Как вдруг… Дребезжит колокольчик, широко отворяется дверь и… входит кайзер.

– Один!?

– Один. И даже без зонта, в мокрой шинели.

– И вы?

– Ну, мы, конечно, вскочили. Стоим, таращимся на него и молчим, как истуканы.

– А он?

– А он усмехнулся, и говорит: «Что это вы замолчали, камрады? В такую погодку на могилах моряков розы точно не распустятся.[1] Спойте-ка мне лучше «Вахту на Рейне», да угостите кружкой пивка.»

– И вы угостили?

– Ах, Алексей Николаевич! Никогда я не пел так весело, как в тот вечер, вместе с моим Императором. Тогда-то я и выпил лучшую кружку пива в своей жизни…

– Ну, а что же было после?

– Потом он посидел еще немного с нами задумавшись, встал, и со словами «Спасибо вам, друзья. Вы славно проводите свое время!» вышел…

Эпизод этот имел место после марта 1901-го года, когда в Бремене на Вильгельма было совершено покушение анархиствующим психом: кайзер был ранен брошенным ему в лицо куском рельса. Пожалуй, после подобного прецедента иной правитель запросто мог бы отказаться от «излишней близости» к простым подданным.

Не таков был Вильгельм. Страх прослыть трусом в глазах народа был в нем сильнее любых личных опасений. И справедливости ради, сопоставляя факты, нужно согласиться, что «трусоватость» германского монарха в большей степени относилась к возможности испортить публичное реноме или проиграть в «Большой мировой игре», как «император и король», чем к вульгарному бытовому страху за себя, любимого.

К сожалению, о «хождении в народ» царя Николая II говорить не приходится. Ничем подобным наш будущий самодержец не отметился даже в молодые годы. Согласитесь, но вечерять с шампанским в офицерском собрании лейб-гвардии гусарского полка совсем не одно и то же, чтобы взять, да в одиночку заглянуть «на огонек» в трактир, где ведут свои задушевные беседы и поигрывают в «фанты» нижние чины. Это вам не по Кшесинским и ей подобным «картофелинам»[2] шастать…

Кстати, как доверительно, на ушко, сообщил Балку Тэпкен, кое-кому из лиц низших сословий дружеские отношения с кайзером принесли дворянские титулы. И даже ренты! Вильгельм II был чужд традиционных условностей во многом. При желании, или просто под настроение, он мог «за песни жницу сделать» если и не королевой, то баронессой – запросто. «Царь я, или не царь?..»

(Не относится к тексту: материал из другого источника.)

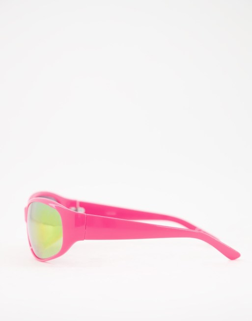 Pink clearance 90s glasses, ASOS DESIGN wrap 90s sunglasses in pink clearance
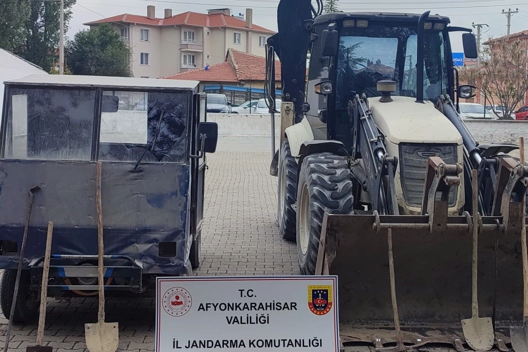 Afyonkarahisar'da kepçe diye adlandırılan iş makinesi ile kaçak kazı yaparak define arayan şahıslar jandarma tarafından yakalandı.
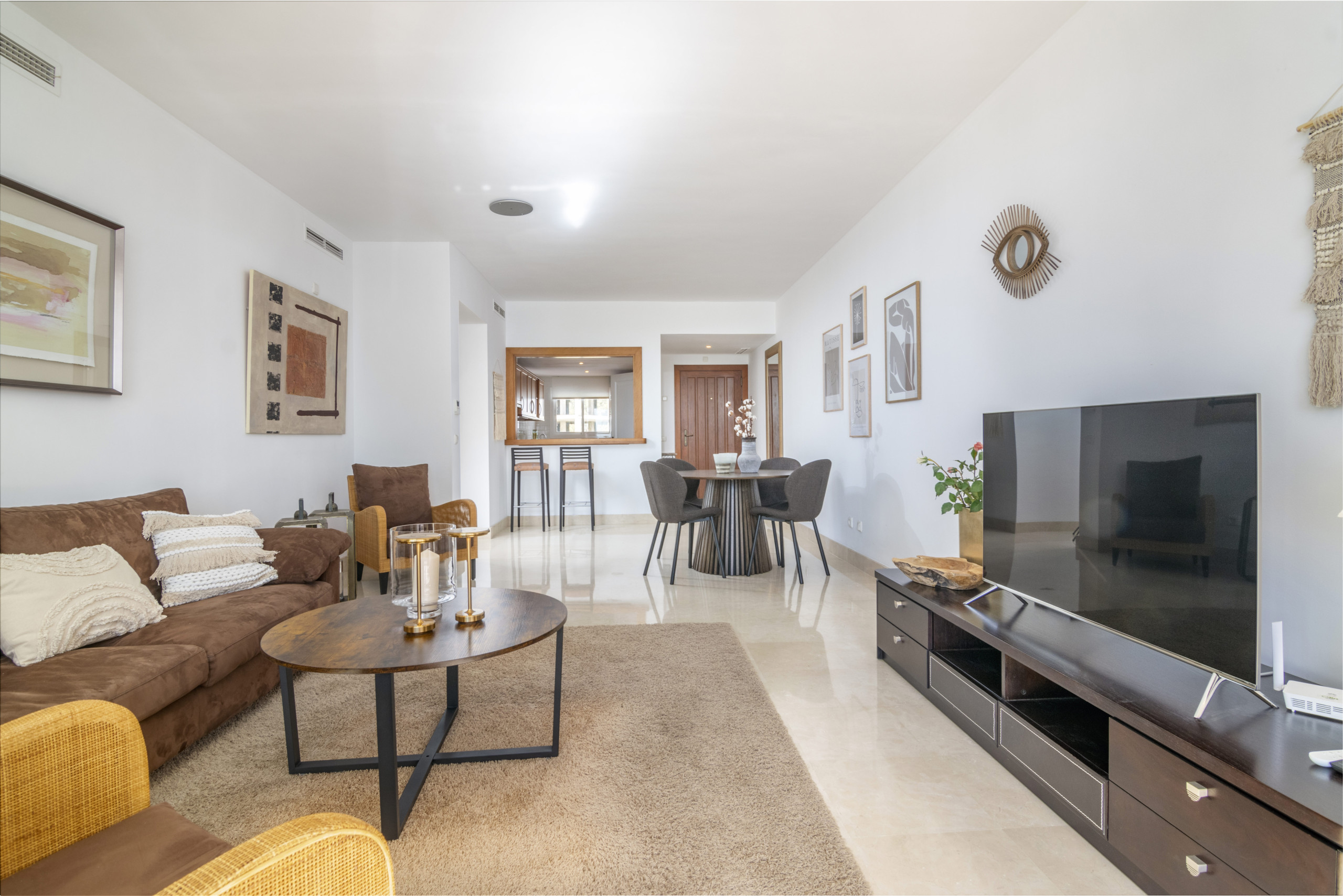 Appartement de 2 chambres à louer pour les vacances, situé dans la communauté fermée d'Aloha Gardens, sécurisée 24 heures sur 24. La communauté dispose de magnifiques jardins communs et de 3 piscines, dont l'une est chauffée. L'appartement est entièrement rénové et comprend une cuisine moderne, deux chambres de bonne taille, une salle de bains avec hydromassage et un salon confortable avec accès à la terrasse. Superbe appartement dans un excellent emplacement. La propriété dispose de chaînes de télévision espagnoles et d'un système Apple TV qui permet d'utiliser Netflix.
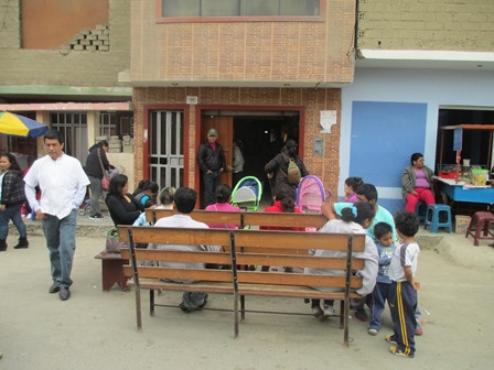 En este local funcionan 18 ambientes y atienden diariamente a 180 personas, entre niños y grandes, han instalado su sala de espera en la vía pública. Sentados en bancas esperan su turno en plena pista.

С другой стороны, Василий узнал, что Вильгельм просто от скуки или под юморок мог назначить кого угодно своим «шутом на час». Любого! Даже самого заслуженного и бравого вояку, сановника или министра! И получалось, что песни и пляски вприсядку Семена Михайловича Буденного перед Сталиным и поддатой компанией из цековского Политбюро – просто невинные, дружеские шуточки в сравнении с генерал-адъютантами, танцующими балетные па в сапогах и гламурных пачках.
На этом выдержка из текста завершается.